On Wednesday, Google disclosed that it had discovered and disrupted an effort to use such pinpoint tactics to steal hundreds of Gmail passwords and monitor the accounts of prominent people, including senior government officials.
Secretary of State Hillary Rodham Clinton said Thursday the Federal Bureau of Investigation would investigate Google’s assertion that the campaign originated in China.
Such tactics were also used in an attack on a company called RSA Security, which security experts say may have given hackers the tools to carry out a serious intrusion last month at Lockheed Martin , the world’s largest military contractor.
The security specialists say these efforts are a far cry from more standard phishing attempts, which involve spraying the Internet with millions of e-mails that appear to be from, say, Citibank in the hope of snaring a few unfortunate Citibank customers.

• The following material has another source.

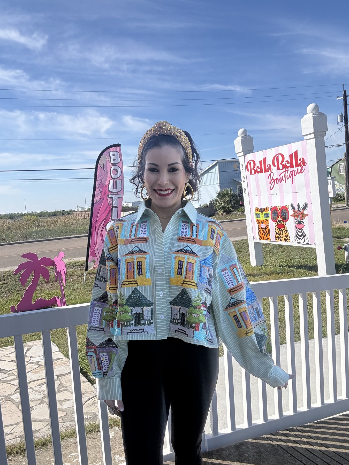 Step into Southern charm with the Queen of Sparkles Pale Green Nola Porches Button Up Cotton Top. This breezy cotton essential captures the relaxed elegance of New Orleans architecture with its soft pale green hue and classic button-up silhouette. Perfect for lazy afternoons on the porch or casual outings around town, it pairs effortlessly with your favorite jeans or linen shorts. The breathable fabric keeps you cool and comfortable, while the timeless design ensures you'll reach for it season after season. A little sparkle, a lot of style—that's the Queen of Sparkles way. Model is wearing an XS
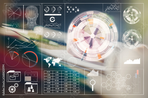 Double exposure of hands making notes background with technology and digital coding huds. Data learning concept.

Spear phishing entails sending highly targeted pitches that can look authentic because they appear to come from a trusted source and contain plausible messages.
As such, the specialists say, the overtures are becoming very difficult for recipients to detect.

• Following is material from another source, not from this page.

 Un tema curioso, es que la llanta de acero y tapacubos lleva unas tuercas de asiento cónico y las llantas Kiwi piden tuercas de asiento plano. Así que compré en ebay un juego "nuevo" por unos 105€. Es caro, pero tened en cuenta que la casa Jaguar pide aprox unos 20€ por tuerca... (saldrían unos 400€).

“It’s a really nasty tactic because it’s so personalized,” said Bruce Schneier, the chief security technology officer of the British company BT Group . “It’s an e-mail from your mother saying she needs your Social Security number for the will she’s doing.”
Mr. Schneier said the attacks are more like a traditional con game than a technically sophisticated intrusion.
“This is hacking the person,” he said. “It’s not hacking the computer.”
Symantec, the computer security firm, said it intercepted around 85 targeted attacks a day in March, including efforts to steal personal information through phishing or with links to nefarious software that could ultimately expose corporate files.
The only month with more attacks was March 2009, when there was a surge that coincided with a G20 summit meeting.
Symantec said the most common targets were government agencies and senior managers and executives; the phishing of such big game is commonly referred to as “whaling.” Manufacturing firms were the targets of 15.9 percent of the attacks, compared with 8 percent for the financial sector and 6.1 percent for technology companies, Symantec said.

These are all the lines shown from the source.